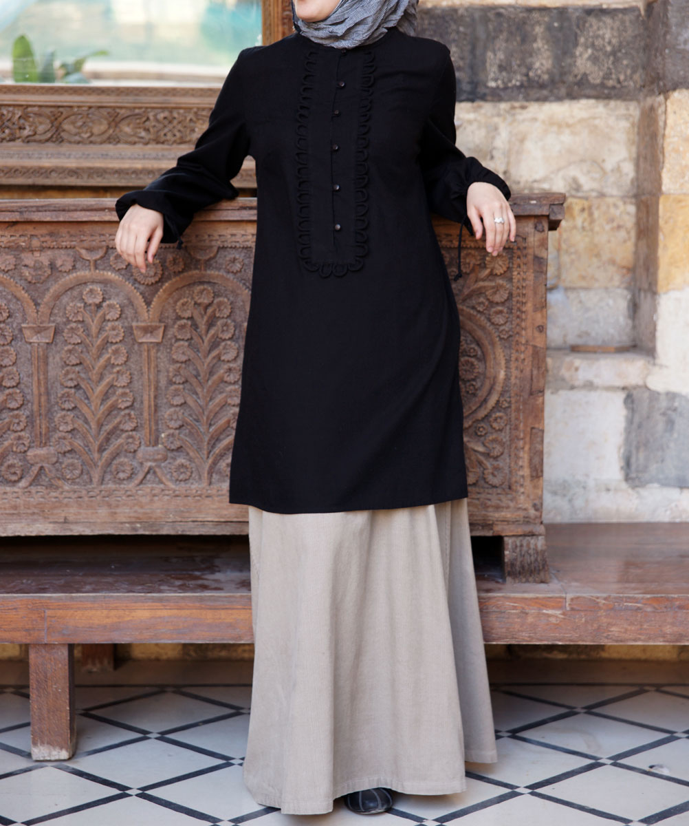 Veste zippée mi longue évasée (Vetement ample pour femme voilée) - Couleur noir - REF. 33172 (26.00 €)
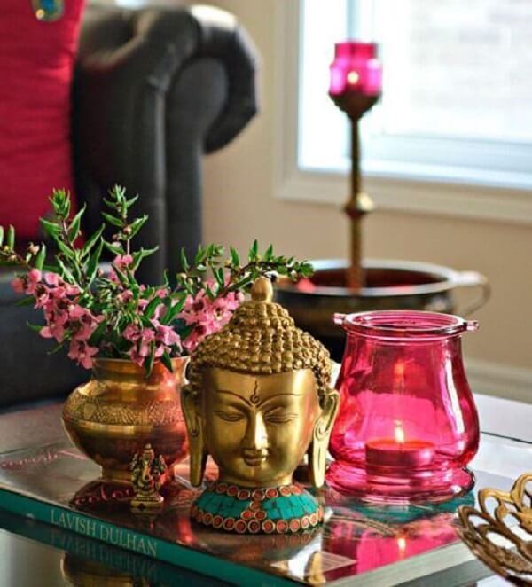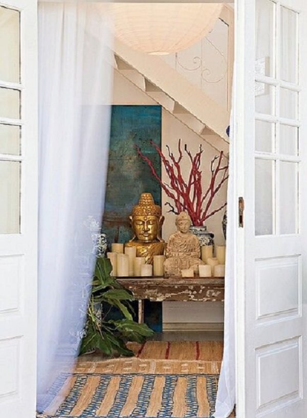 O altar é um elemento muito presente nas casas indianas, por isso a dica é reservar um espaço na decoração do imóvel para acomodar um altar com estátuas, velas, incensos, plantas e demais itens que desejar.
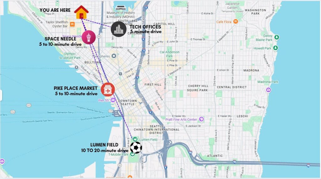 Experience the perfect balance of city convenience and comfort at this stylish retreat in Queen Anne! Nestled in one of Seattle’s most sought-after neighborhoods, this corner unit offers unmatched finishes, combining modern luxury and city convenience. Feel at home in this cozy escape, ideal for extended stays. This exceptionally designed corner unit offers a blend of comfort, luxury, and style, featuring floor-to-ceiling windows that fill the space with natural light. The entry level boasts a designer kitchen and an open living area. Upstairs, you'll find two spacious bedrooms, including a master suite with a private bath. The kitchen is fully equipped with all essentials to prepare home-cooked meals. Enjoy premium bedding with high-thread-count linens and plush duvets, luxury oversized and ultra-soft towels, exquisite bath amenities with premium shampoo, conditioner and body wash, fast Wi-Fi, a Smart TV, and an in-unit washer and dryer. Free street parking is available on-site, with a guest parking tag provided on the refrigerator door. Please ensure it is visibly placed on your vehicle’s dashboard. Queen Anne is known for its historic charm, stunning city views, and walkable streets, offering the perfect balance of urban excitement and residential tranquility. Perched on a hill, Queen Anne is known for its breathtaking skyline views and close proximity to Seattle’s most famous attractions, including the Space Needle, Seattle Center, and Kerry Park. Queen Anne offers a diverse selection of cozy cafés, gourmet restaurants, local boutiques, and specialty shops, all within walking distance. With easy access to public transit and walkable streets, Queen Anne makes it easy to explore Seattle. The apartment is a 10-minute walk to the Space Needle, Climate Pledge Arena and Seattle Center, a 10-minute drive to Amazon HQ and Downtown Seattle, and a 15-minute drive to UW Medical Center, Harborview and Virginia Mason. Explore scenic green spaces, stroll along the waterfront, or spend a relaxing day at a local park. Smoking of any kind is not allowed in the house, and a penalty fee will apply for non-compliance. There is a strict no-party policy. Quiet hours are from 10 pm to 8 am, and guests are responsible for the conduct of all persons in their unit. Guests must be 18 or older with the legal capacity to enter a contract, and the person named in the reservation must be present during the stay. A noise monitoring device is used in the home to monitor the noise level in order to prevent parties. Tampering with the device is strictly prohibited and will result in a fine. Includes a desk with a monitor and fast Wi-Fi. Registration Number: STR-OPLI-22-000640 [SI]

▸ Work required
Please restate the material above line by line, exactly, beginning at its first line and ending with the line that contains "O altar é um", without any pictures.

▸ Answer box
 Veste zippée mi longue évasée (Vetement ample pour femme voilée) - Couleur noir - REF. 33172 (26.00 €)
 O altar é um elemento muito presente nas casas indianas, por isso a dica é reservar um espaço na decoração do imóvel para acomodar um altar com estátuas, velas, incensos, plantas e demais itens que desejar.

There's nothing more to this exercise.